Ovviamente il primo passaggio che le banche stanno portando avanti in questi giorni è proprio il controllo del "luogo di nascita", dato che questo comporta in automatico la cittadinanza Americana.
Pertanto gli "Accidental Americans" sono paradossalmente i primi ad essere individuati dalle banche come "US Persons" proprio a causa del loro dato anagrafico, mentre è ben possibile che Cittadini Americani non nati negli Stati Uniti, magari con un nome italiano o poco Americano, non siano nemmeno "individuati" dalla banca come tali pur essendo, per ipotesi, strettamente legati agli USA, molto più di un qualunque "Accidental American".
 
La questione degli "Accidental Americans" ha ovviamente fatto molto discutere, dato che appare particolarmente discutibile attribuire dei doveri ad un soggetto solo per il fatto che la madre si trovava sul suolo Americano al momento del parto: in tal senso, ci sono stati diversi tentativi di trovare una soluzione al problema.

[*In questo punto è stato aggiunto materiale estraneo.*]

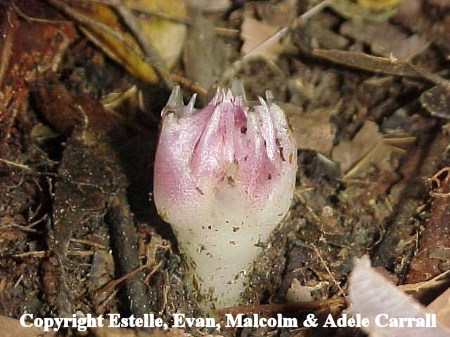 In Australia the orchids Gastrodia sesamoides (the Potato Orchid), Dipodium punctatum (the Spotted Hyacinth Orchid) and the two species of the genus Rhizanthella (Rhizanthella gardneri and Rhizanthella slateri) lack chlorophyll. The Rhizanthella species are unusual because they are underground orchids, whereas both Gastrodia and Dipodium produce above-ground flower spikes. The fungi involved in these associations are quite varied, both in terms of species and lifestyles. For example the species of Gastrodia (both in Australia and overseas) are associated with species of Armillaria (a genus of virulently parasitic fungi, which the orchids manage to keep under control). The Western Australian underground orchid Rhizanthella gardneri forms an orchid mycorrhiza with a fungus that also forms ectomycorrhizas with Melaleuca (one of the Australian native Tea Trees). Incidentally, this also shows that some fungi can form more than one type of mycorrhiza. The eastern Australian species, Rhizanthella slateri, pictured here, has been rarely seen. It was discovered in 1931 on Alum Mountain, in Bulahdelah on the New South Wales north coast, and these photos (taken in 2002) are also of specimens growing on Alum Mountain. The fungal associate of this species is unknown.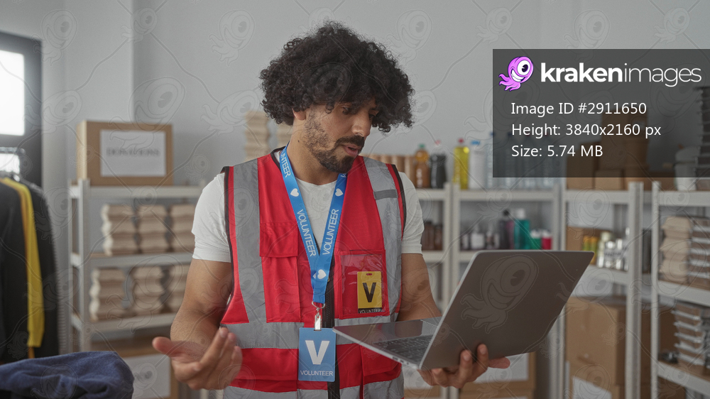 Man holding laptop and gesturing with one hand in building donation center; compassion teamwork support.

Di fatto però, ci si scontra con un principio fondamentale cui gli Americani non vogliono rinunciare e che fa parte fondante della loro Nazione: il diritto di essere Cittadino Americano qualora si sia nati là. Ed è proprio da questo diritto che conseguono tutti i doveri tra cui il FATCA.
Pertanto il collegamento logico è il seguente:
 
Nascita negli USA -> Diritto ad essere Cittadino Americano -> Doveri di ogni Cittadino Americano.
 
Pertanto i tentativi di togliere il dovere FATCA dalle spalle degli "Accidental Americans" potrebbe esistere solo laddove si volesse negare il loro diritto ad essere Cittadini Americani: quest'ultimo diritto è però intoccabile negli USA e pertanto non è da ipotizzare che ci siano, a breve, modifiche alla normativa FATCA a favore dei cosiddetti "Accidental Americans".